His numbers were terrific: four times he led the league in home runs,
four times in RBIs, thrice he scored the most runs, twice he had the most
hits, and twice he topped all National Leaguers in batting average. In 1957,
when his Braves were world champs, he was MVP, but most fans recognized him as
a great player quicker than they'd have recognized him on the street. He made
a more exciting stat line than an interview. It didn't help that he played in
Milwaukee and Atlanta, places New York-based media still have to look up
before they can point to them on a map.
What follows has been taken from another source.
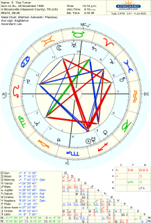 Povodom smrti velike glazbenice Tine Turner, pravim imenom Anna Mae Bullock, prikazan je film What's Love Got to Do with It (1993) https://www.imdb.com/title/tt0108551/. Kao u svakom biografskom filmu neke stvari su preskočene, a neke su prikazane jednostrano zato se moramo informirati iz više izvora. Kod analize moramo zanemariti osobne simpatije i uvjerenja i držati se samo činjenica. U ovoj analizi osvrnuti ću se samo na neke dijelove njene bogate biografije i gledati ću samo tranzite. Tinin horoskop je školski primjer djelovanja Saturnovih tranzita. Biografija Tine Turner je zanimljiva zato jer nam može dati uvida kako ih horoskopa prepoznati da netko ima glazbeni talent, kako prepoznati agresivnog partnera, kako vidjeti da će osoba promijeniti vjeru i još mnogo toga. Pri tome, nezaobilazna je analiza horoskopa njenog bivšeg bračnog partnera Ikea Turnera, bez kojeg Tine kakvu danas znamo ne bi bilo. Uz to, ne smijemo zanemariti horoskop Davida Bowiea koji je pomogao njenom povratku na svjetsku scenu 80-tih godina prošlog stoljeća. A treba spomenuti i njenog drugog supruga Erwina Bacha koji joj je darovao bubreg i produžio život. Anna Mae Bullock (ili Martha Nell Bulock- prema Ikeovom svjedočenju) rođena je 26.11.1939. u 22:10 u Brownsville, Tennesee, kao jedna od tri sestre. Od najranijeg doba radila je u polju i pjevala u crkvi. Kada je imala 11 godina (Jupiterov povratak) majka napušta obitelj, a otac odlazi kada je imala 14 (polovica Saturnovog povratka). Odgojila ju je baka, a nakon bakine smrti (tranzitni Saturn prelazi natalno Sunce) dolazi majci u St.Louis gdje završava školu za medicinske sestre. Tamo 1957. upoznaje Ikea Turnera, ostaje trudna sa njegovim saksofonistom i rađa sina Craiga 29.8.1958. (tranzitni Saturn na natalnoj Veneri u 5.) koji je 3.7.2018. izvršio samoubojstvo. Zatim, ostaje trudna sa Ikeom Tunerom i rađa sina Ronniea 27.10.1960. (tranzitni Jupiter na natalnoj Veneri) koji umire 8.12.2022. od raka. Iste godine joj Ike mijenja ime u Tina. Brak sa Ikeom sklopljen je 1962 u Tijuani, Mexico, iako je tada on još bio u braku sa sa svojom petom ženom Alice Bell od koje se službeno rastao 1974. Karijera je cvjetala, ali bračni odnosi su bili puni nasilja pa je Tina pokušala samoubojstvo 1968. (Saturnov povratak). Tina je rođena kao baptistica a sa budizmom se susrela 1973. na koji prelazi 1974. (tranzitni Neptun konj. natalni Merkur, opozicija Mjesec) kada izdaje svoj prvi samostalni album kojeg je producirao Ike. Iako je Ike bio teški ovisnik o drogama, Tina se nikada nije opijala ili drogirala. Nasilni brak je konačno razvrgnut 29.3.1978. kada je tranzitni Jupiter bio u opoziciji sa Tininom Venerom (vladarica desete kuće). Tina ima natalno Mars u sedmoj kući što daje nasilnog partnera, muža sportaša, vojnika ili sa Suncem u znaku ovna ili škorpiona. Taj Mars je dio konfiguracije T-kvadrat (Mjesec,Mars,Sunce) kojeg nadopunjava Ikeov Mjesec i stvara konfiguraciju veliki križ. Kakav god da je bio Ike je Tini rasteretio napetost natalne konfiguracije. Nezgodan je Ikeov Mars na Tininom Suncu, ali i Tinin Mars je u kvadratu sa Ikeovim Mjesecom. Ike i Tina oboje imaju Mjesec u kvadrat sa Marsom. Isti aspekti su jedan od pokazatelja jake veze. Za brak također moraju postojati aspekti između Sunca (Ikeovo Sunce na njenom IC) i Mjeseca (Mjesečevi u kvadratu). Ikeov mjesečev čvor je u konjunkciji sa Tininim Jupiterom (vladar Sunca). Do 1983. Tina je, prema svojim riječima, proživjela vrlo teških šest godina. Morala se sama brinuti o četvoro djece i skrivati se od Ikea. Radila je kao čistačica i nastupala po noćnim klubovima. 1976. Saturn ulazi u znak lava i počinje se približavati Tininom ascendentu, tu se radi o završetku jednog ciklusa i početku novoga kada se sve iza nas ruši, a novo još nije izgrađeno. Saturnov prolazak kroz 12.kuću se smatra najtežim dijelom Saturnovog ciklusa od 28 godina. Ovo nije Saturnov povratak, kada se Saturn vraća na natalni položaj, nego prelazak Saturna preko Ascendenta. Ta životna faza koja može potrajati i duže vremena (dok Saturn prođe 12. i prvu kuću), ovisno koliko dugo se Saturn zadržava u kućama, zna biti bolna i obično označava životni preokret. To je ponekad vezano sa zdravstvenim problemima i depresijom. 1983. Jupiter ulazi u strijelca i prelazi Tinino Sunce i Merkura što je rezultiralo izlaskom albuma Let's Stay Together i prekretnice kada opet postiže svjetsku slavu. 1985. upoznaje drugog muža Erwina Bacha (Jupiter u vodenjaku prolazi kroz sedmu kuću), 1986. seli u Europu i s njim sklapa brak 4.7.2013. 30.6.2000. se oprašta sa pozornicom (tranz. Saturn i Jupiter opozicija MC, Uran na Desc.), na koju se zakratko vraća 1.10.2008. Preživjela je moždani udar 2013 (tranz. Neptun konj. natalni Mars -glava) i rak crijeva 2016. (tranz. Saturn na natalnom Merkuru - crijeva) Transplantiran joj je bubreg 7.4.2017. (tranz. Saturn na Veneri - bubrezi, Uran na natalnom Saturnu - zdravlje), a umire 24.5.2023. u Švicarskoj (tranz. Saturn na natalnom Marsu vladaru 4.-grob, u kvadratu sa Suncem i Mjesecom, Uranov povratak, tranzitni Mars na natalnom Plutonu, suvladar 4. kuće). Tranzitna Venera je bila na 18° raka, tj. na vrhu 12.kuće-kraj. O glazbenom talentu govori bik na MC, kao i Merkur (vladar druge kuće) u konjunkciji sa Suncem. Venera (vladarica MC) iz pete kuće u T-kvadratu sa Jupiterom u osmoj i Neptunom u drugoj. Zarada uz korištenje seksipila od umjetnosti. Ike Turner, rođen 5.11.1931. u Clarksdale, Mississippi se ženio ukupno 14 puta, priznao je šestoro djece i imao brojne izvanbračne avanture. Treba reći da Ike nije uzimao drogu prije tridesete i izbacivao je iz svoje grupe svakoga tko je imao veze sa drogom. Isto tako, nakon 18 mjeseci provedenih u zatvoru, iz kojeg je izašao u rujnu 1991. deset godina nije uzimao drogu. Rođen je kao baptist, a 1994 se preobratio na judaizam (tranzitni Neptun u opoziciji sa natalnim Plutonom). Za njega nemamo

Worst of all, he was pleasant,
modest, hard-working, and uncontroversial.
Then, as he neared the end of his career, this unpretentious superstar
was thrust into the full glare of media hype as he fought the battle of his
life--taking on Babe Ruth's ghost. "Hammerin' Hank" finished the 1973 season
with 713 career home runs, only one less than Ruth's lifetime 714. After
enduring a whole winter of "experts" speculating when he would, whether he
could, and even if he should break the record, Aaron tied it in his first
at-bat of 1974. A few days later, on April 8, at 9:07 EST, before 53,775
Atlanta fans, he elevated Al Downing's pitch into the record books as number
715. Before retiring in 1976, Aaron brought his record total up to 755.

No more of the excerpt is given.